Thalassemia is a condition that causes the human body to destroy red blood cells faster than they can be made. It causes physical symptomology as well as psychological distress. The current study aimed to identify the prevalence of depression symptoms among individuals with moderate to severe thalassemia. A quantitative descriptive cross-sectional design was applied utilizing the Beck Depression Inventory to assess the level of depression in the sample.

Results

Some significant relationships were demonstrated in the sample: males reporting severe depression symptoms than females by 6.0 times (95% CI 0.07–0.62, p 0.014), and reporting moderate depression symptoms (95% CI 0.00–0.47, p 0.05). Additionally, income was found to be a predictor of level of depression symptoms with low income reported higher incidence of severe depression symptoms than those whose monthly income was > 400$ by 18.4 times (95% CI 0.38–1.03, p ≤ 0.001), but not reporting a significant association between moderate depressive symptoms and monthly income (95% CI − 012–1.47, P 0.225). A significant association was found between the educational attainment and level of depression symptoms with lower levels of education predicting higher levels of severe depression symptoms (95% CI 0.069–0.89, p 0.022), but no significant association was reported between moderate depression symptoms and educational attainment (95% CI − 0.49–0.01, p 0.81).

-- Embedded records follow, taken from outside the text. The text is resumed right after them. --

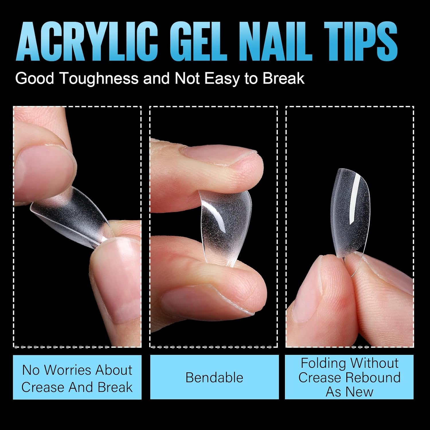 - Extra Short Square Tips with No Trace: The fake nails is gelly gel tips and will make no trace even bend, bright clear you can more easily press, trim, paint flat false nails to make your dream nails shape. Real DIY manicure acrylic nail kit.
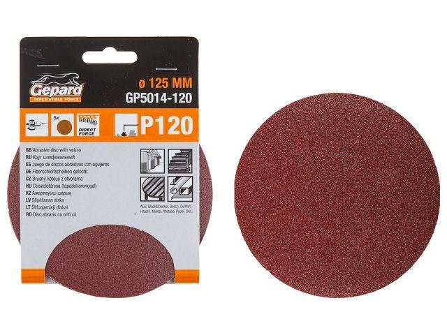 Шлифлист 125мм круг Р320 д/дерева 5шт. GEPARD (GP5014-320) (круг абразивный шлифовальный)
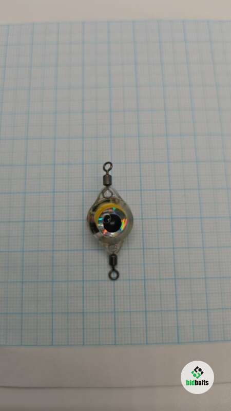 С другой стороны снасти имитация рыбьего глаза, с переливающейся радужной оболочкой глаза. Все это залито прозрачным, качественным, гладким пластиком.
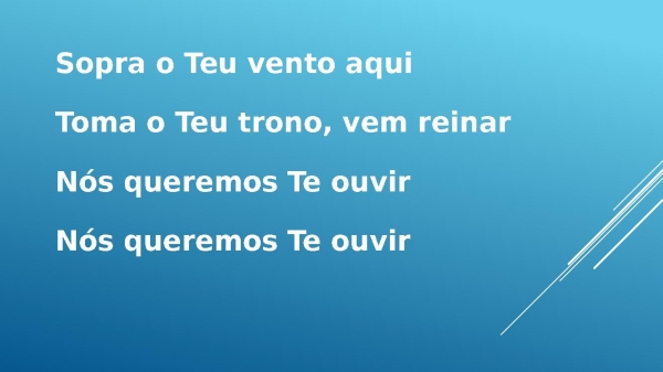 - Sopra o Teu vento aquiToma o Teu trono, vem reinarNós queremos Te ouvirNós queremos Te ouvir
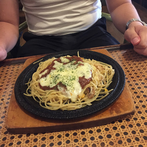 さて、今回のオーダーはミートソースチーズ焼き、焼肉ピラフ、チーズドリア。 ドリアは小さめ、パスタとピラフは大盛りサイズ。ということで、パフェも食べる方はフードの大きさ要注意!
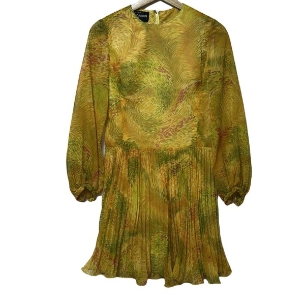 > ピエールカルダン pierre cardin サイズ9 M - ダークイエロー×イエロー×マルチ レディース 長袖/ロング/プリーツ/シースルー ワンピース
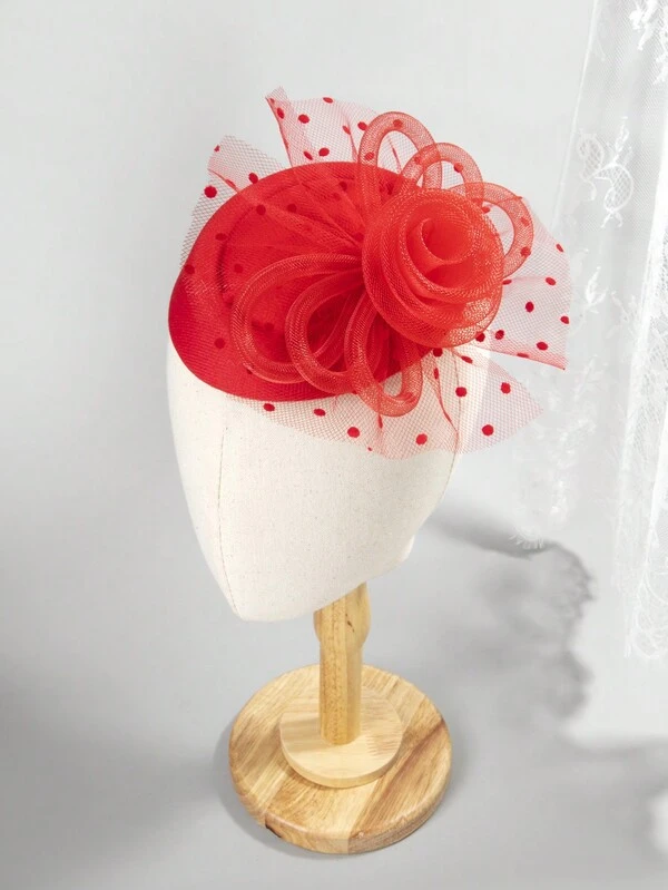 Women'S Rose Flower Ballet Style Lace Mesh Bow Knot Fascinator Hair Clip
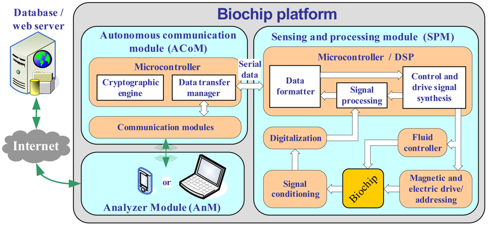 The platform is composed by three main modules: i) a sensing and processing module (SPM); ii) an autonomous communication module (ACoM); and iii) an analyzer module (AnM). The SPM and the ACoM compose an embedded system which communicates with a more general computing device, such as a PC or a PDA. The AnM allows the control of the embedded system and also provides an internet access that can be used to store experimental data on a remote server.
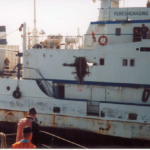 A missile with a blank warhead passed through the ship’s cockpit. The size of the hole punched by the rocket was 2 meters at the entrance and 4 meters at the exit. It is known that there were 17 sailors, 5 passengers and 92 tons of cargo on the ship. People miraculously did not die, only one crew member was injured.
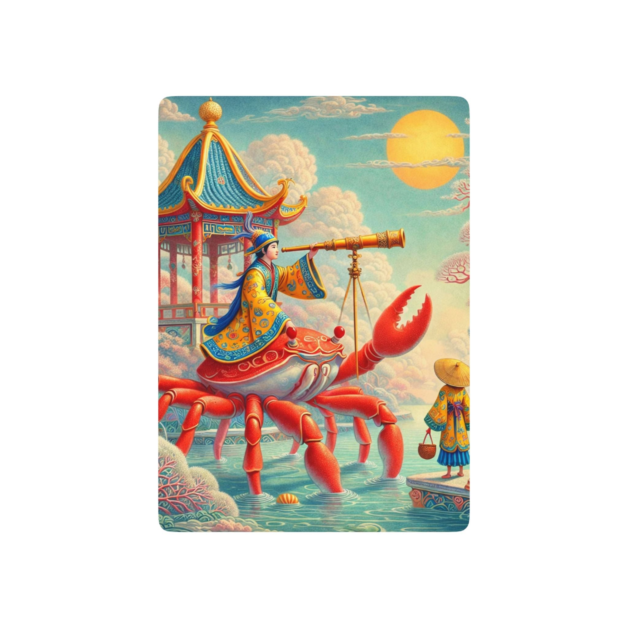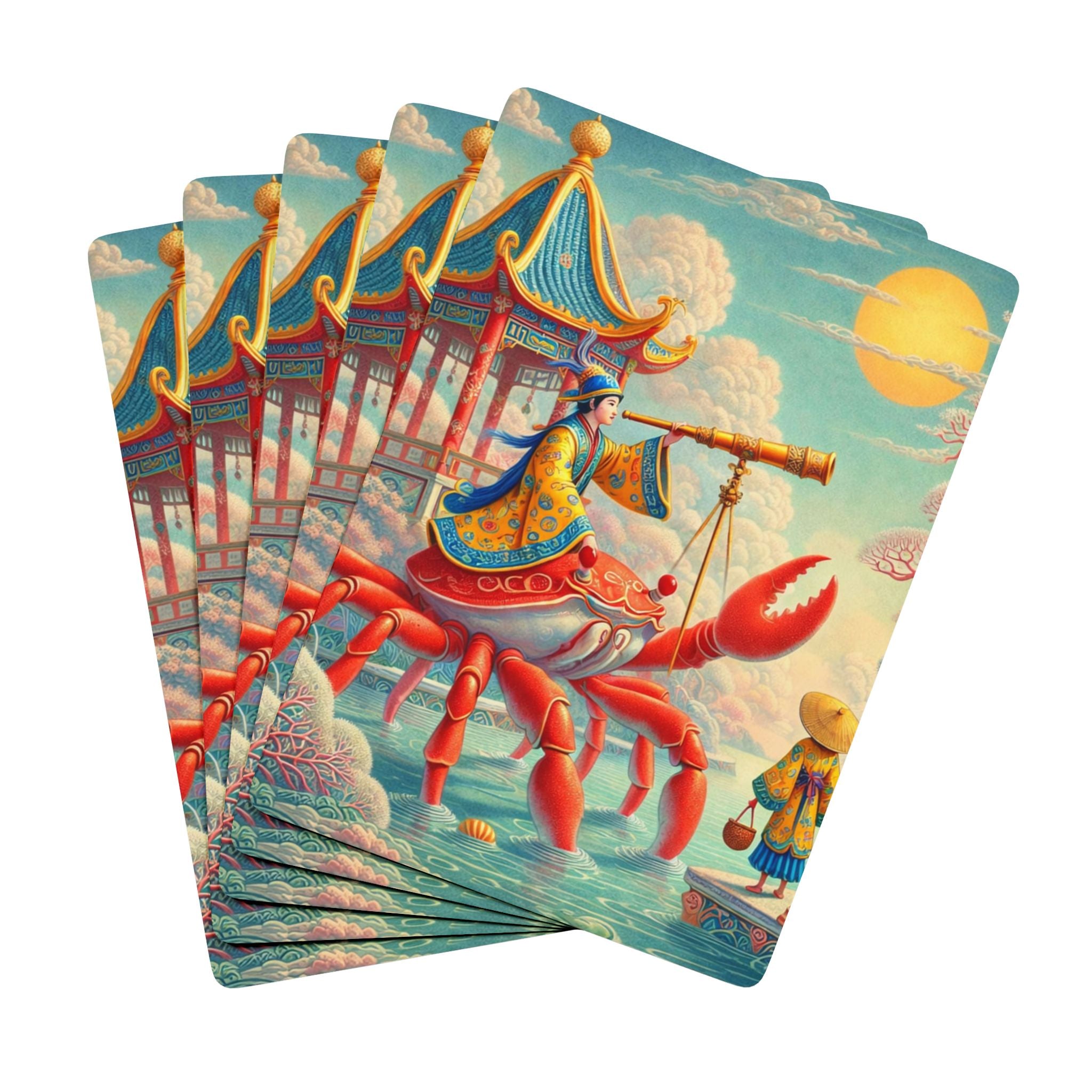 Within the artwork, a richly robed figure rides astride a vivid crimson crab, peering through a telescope as if charting stars, tides, and time itself. Pagoda silhouettes, flowering trees, and patterned clouds frame the scene beneath a glowing sun, while a harmonious palette of corals, aquas, and warm golds blends whimsical surrealism with classical East Asian decorative influence. The result evokes calm curiosity and gentle exploration—an imaginative world where navigation becomes a dream.
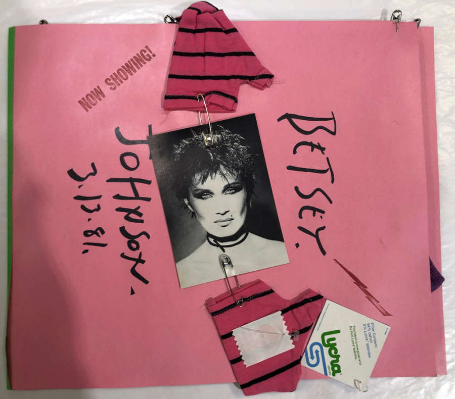 Inscriptions: Printed red ink on recto UL: “NOW SHOWING!”. Inscribed and signed in black ink on recto center: “BETSEY. / JOHNSON. / 3.13.81.”

Related to disease characteristics a relationship was confirmed between severe depressive symptoms and medication level such as the individual needing tablets or pumps (95% CI 0.189–1.05, p 0.005 and 95% CI 0.52–1.44, p 0.001) respectively. Other disease related variables showed no significant correlation with depressive symptom levels.

Additional significant relationships were found in environment whereas increased moderate depressive symptoms were experienced by individuals residing in rural areas as opposed to those living in IDP camps or cities by 4 times (95% CI − 0.30–0.01, p 0.04), but no significant association was found between severe depression and the place of residence. The other independent variables had no significant correlation with severe or moderate depressive symptoms.

Conclusion

In light of these findings addressing symptoms of depression directly and supporting patients with thalassemia with basic life needs unrelated to their disease maybe mitigating depressive symptoms which may negatively affect recovery.

Background

Thalassemia is a set of genetic diseases of hemoglobin synthesis characterized by reduced or absence of one or more of a person’s hemoglobin [1]. Thalassemia is globally the most common genetic disease related to a chronic blood disorder. Characterized medically by decreased synthesis of one of the two types of polypeptide (chain B and A) that form the adult human hemoglobin molecule. It reduces the filling of the red blood cells with hemoglobin and leads to anemia [2].

There are two kinds of thalassemia; the first is alpha-thalassemia, commonly found in individuals from the Middle East, Southeast Asia, China, and Africa. There are an estimated 26 million alpha-thalassemia carriers of Southeast Asian origin, 5–15% of Alpha-thalassemia occurs in the Mediterranean area (Cyprus, Turkey, Greece, and Southern Italy) and approximately 1% in the Middle East [3].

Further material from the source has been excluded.